The Talk

I almost never spoke about my past as an addict. Then adolescence came for my son.

The Talk

I can still remember the street corner in Brooklyn where we were standing, waiting for the light to change, when my wife told me she wanted to have kids. It was a warm weekend day in the summer of 2007: bass rattling the passing cars, sun scumbling the trees, bacon-smell wafting from the wide-open door of the Bona Fide II, our local deli. We were on our way home, but from where? The movies? A museum? Someone’s rooftop? A walk across the bridge? The possibilities facing a childless couple on a day off (even a couple barely making rent on the far side of the BQE) now appear to me so lavish as to be unrecognizable. Still, I must have been aware even then of the fragility of our good fortune—must have felt on some level that we were getting away with something—because my first thought was Life is heaven, honey, why change it?

            My second, probably, was that whenever we’d discussed this stuff before, she’d sworn off becoming a mother … a fact I might have turned to my advantage, had I not then turned to see her face. The set of her chin, as if afraid of being hurt. The terrible vulnerability of a person changing her mind. Her ravenousness for change was something I’d loved in her from the very beginning. It was also, incidentally, near the heart of my love for New York: a place not of perfection but of heedless motion, what E. B. White called “growth against odds, sap-rise in the midst of concrete, and the steady reaching for the sun.” And in the time it took the signal to go green, something in me changed too. I reached for her hand and said: Okay, then, let’s try something different.

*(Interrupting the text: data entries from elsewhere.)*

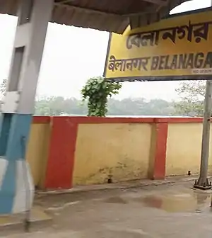Belanagar railway station is a Kolkata Suburban Railway station on the Howrah–Bardhaman chord line operated by Eastern Railway zone of Indian Railways. It is situated at Bally Jagachha Block, Belanagar in Howrah district in the Indian state of West Bengal.[1] Number of EMU trains stop at Belanagar railway station.[2] This railway station is named after Bela Mitra, a freedom fighter and social activist. This was the first Railway station in India named after any Indian woman.[3][4]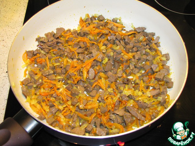 Добавить печень, соль перец и еще немного обжарить, помешивая.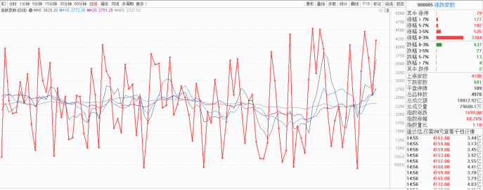 主题热点方面,今天是普涨行情,几乎所有板块都是上涨的,尤其是权重之类,像茅指数都涨得挺不错的。反而是题材,并没有像指数一样高胀,整体涨幅并不大。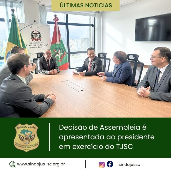 Na ocasião, os Diretores também reiteraram o pedido de aumento do percentual da Gratificação de Diligência, uma solicitação que, inclusive, já está no Núcleo Financeiro do TJSC há um ano e possui baixo impacto financeiro. As Diretorias agora irão aguardar o retorno do TJSC sobre os pedidos, já entrando em contato com os demais membros do Conselho da Magistratura para tratar do plantão Regionalizado. No mesmo dia, ainda foram feitas reunião no Núcleo Administrativo e o NIS para tratar de temas de interesse da categoria.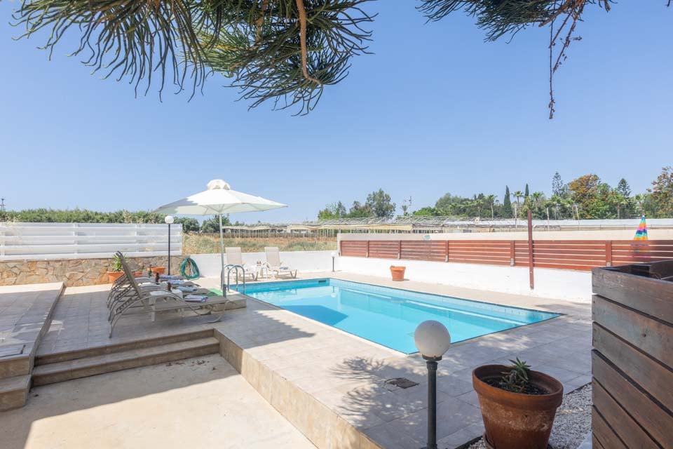Tillbaka i villan hittar du din egen rymliga terrass med en glittrande pool, omgiven av moderna solstolar och med utsikt över lokala fält och vintergröna träd. Det finns en uteservering under en skuggig pergola för mezze-luncher och kvällsgrillfester. Terrassen är perfekt för total avkoppling.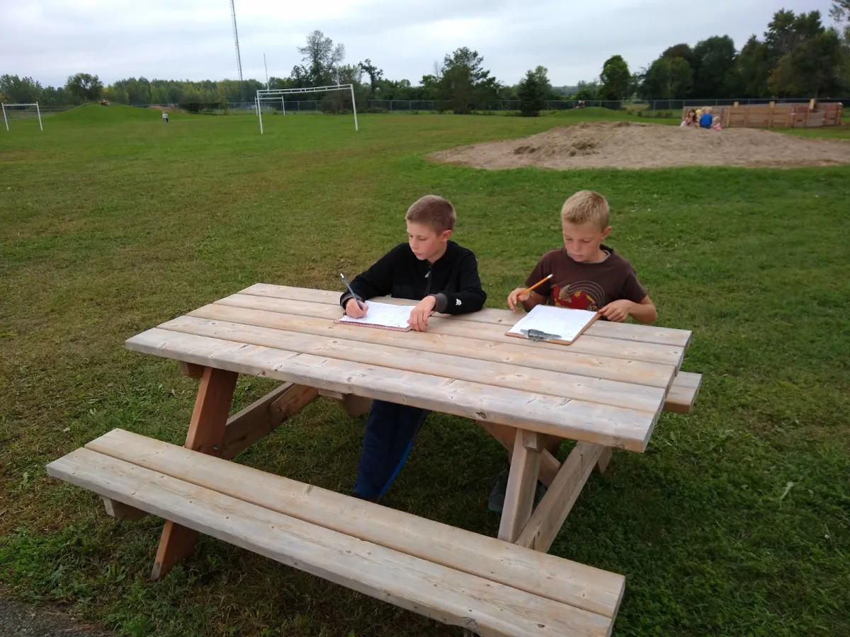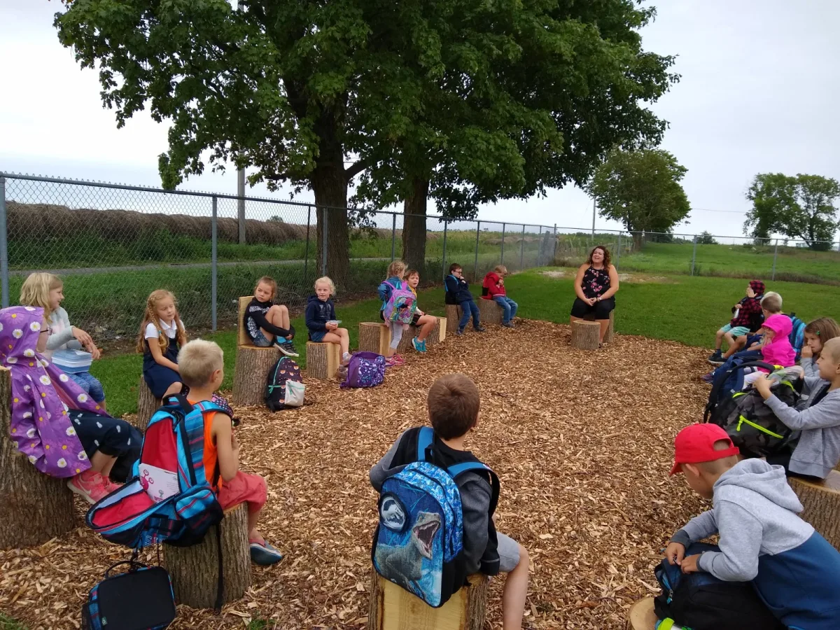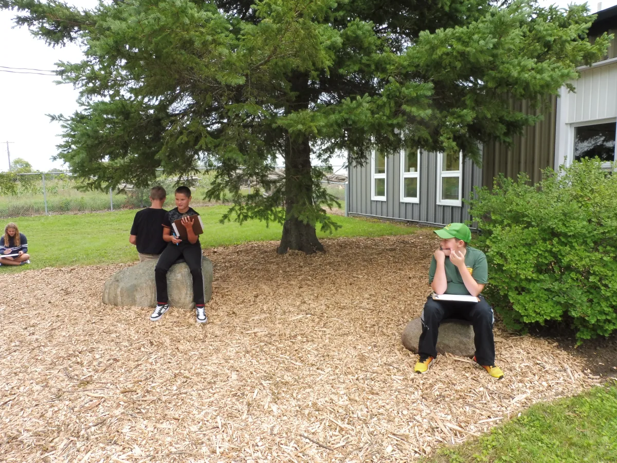 We try to bring our students outside when possible. Thanks to volunteers, we have some amazing outdoor learning spaces.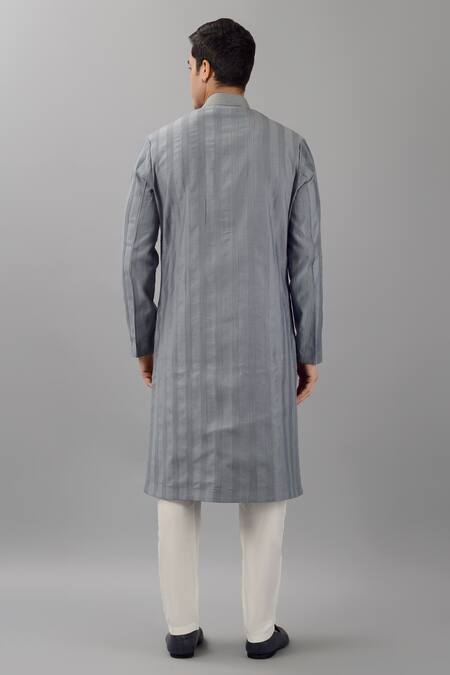 Grey silk kurta featuring thread embroidered collar and placket with pintucked details. Paired with a white pant for a complete look.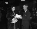 Tarrant County Tuberculosis Soceity. Mrs. Glenn Rothelle delivering letters to Postmaster H. D. Young. A woman handing a man a stack of envelopes. The man is also holding a stack of envelopes.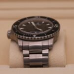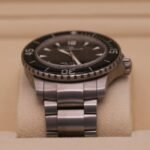 The bracelet is in excellent condition with some small hairlines and marks. It has all the links and will fit around a 7.75″ wrist. The extra grey sailcloth and black rubber straps are in excellent condition with some mild signs of wear.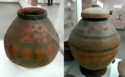 Na cultura do Cemitério H (a fase tardia harapeana na região de Punjabe), alguns dos desenhos pintados nas urnas funerárias foram interpretados pelas lentes da literatura védica: por exemplo, pavões com corpos ocos e uma pequena forma humana no interior, que foi interpretada como a alma dos mortos, e um cão que pode ser visto como o cão de Iama, o deus da morte.[188][189] Isso pode indicar a introdução de novas crenças religiosas durante esse período, mas as evidências arqueológicas não sustentam a hipótese de que o povo do Cemitério H seja o destruidor das cidades harapeanas.[190]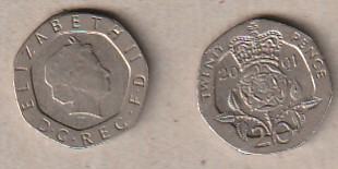 BRITANIA TWENTY PENCE 2001,2002 COPER-NIKAL 2 € KOMAD
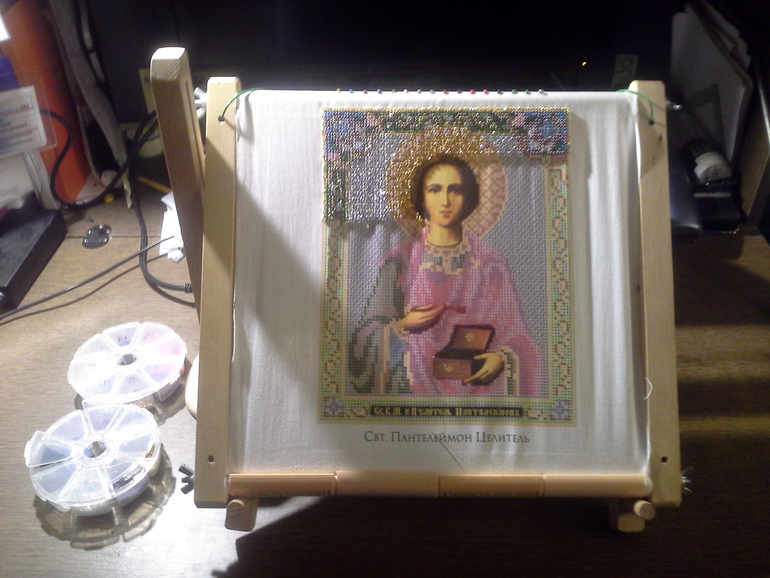 Мой рабочий уголок, запасы, инструментыНе могу обходиться без станка. Такую рамку не удержишь просто руками. Достаточно сложно, помоему!

            All of which is to say that I embarked on the great transformation of my adult life without much forethought. Just zagged where I’d expected to keep zigging. If there was fine print to read, I skipped it. I was on the east side of Hicks Street and I didn’t want children; then I was on the west side and I did. What came in between was a mystery.

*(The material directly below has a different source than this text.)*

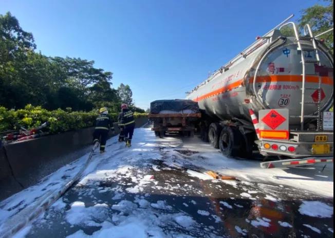 廣州市消防救援支隊(duì)12月7日通報(bào),12月6日12時(shí),廣州市119指揮中心接到警情稱沈海高速北二環(huán)機(jī)場(chǎng)高速水瀝出口路段發(fā)生一起交通事故,一輛油罐車與一輛貨車相撞,現(xiàn)場(chǎng)有大量汽油泄漏,情況緊急。消防部門接到報(bào)警后迅速趕赴現(xiàn)場(chǎng)處置。 經(jīng)了解,涉事油罐車罐體由5個(gè)獨(dú)立油罐組成,其中前四個(gè)罐儲(chǔ)油26噸、尾罐5噸。 泄漏點(diǎn)在尾罐邊緣,在與貨車碰撞后撕開一條長約20厘米、寬5厘米的不規(guī)則泄漏口。地面有大片油漬,并不斷流向路邊排水溝,空氣中彌漫著汽油味。 經(jīng)查明,現(xiàn)場(chǎng)已泄漏汽油3噸左右,如果不及時(shí)處置,后果將不堪設(shè)想。 了解情況后,現(xiàn)場(chǎng)消防指揮員隨即安排隊(duì)員成立了滅火冷卻組、搶險(xiǎn)組、疏散警戒組等作戰(zhàn)單元,協(xié)同民警對(duì)現(xiàn)場(chǎng)進(jìn)行警戒,禁止無關(guān)人員和車輛駛?cè)。滅火組做好防靜電措施后,在泄漏點(diǎn)架設(shè)水炮進(jìn)行泡沫覆蓋冷卻罐體,并稀釋現(xiàn)場(chǎng)泄漏的汽油, 多部門通力合作5個(gè)多小時(shí),終于將油罐車體泄漏口成功堵漏,并轉(zhuǎn)移罐體,完成現(xiàn)場(chǎng)污水回收。因處置科學(xué)及時(shí),事故未造成人員傷亡,事故原因還在調(diào)查中。

            Now, all these years later, I sometimes wonder if it’s possible to enter into parenthood any other way. This isn’t to minimize the ongoing threat to women’s reproductive choices, nor to denigrate the extension of family planning into other regions of contemporary life—fertility trackers, momfluencer accounts, apps that turn your phone into a registry scanner for BuyBuy Baby. For so many people, for so many reasons, having kids involves more than just two consenting adults with the requisite gametes opting to dispense with birth control.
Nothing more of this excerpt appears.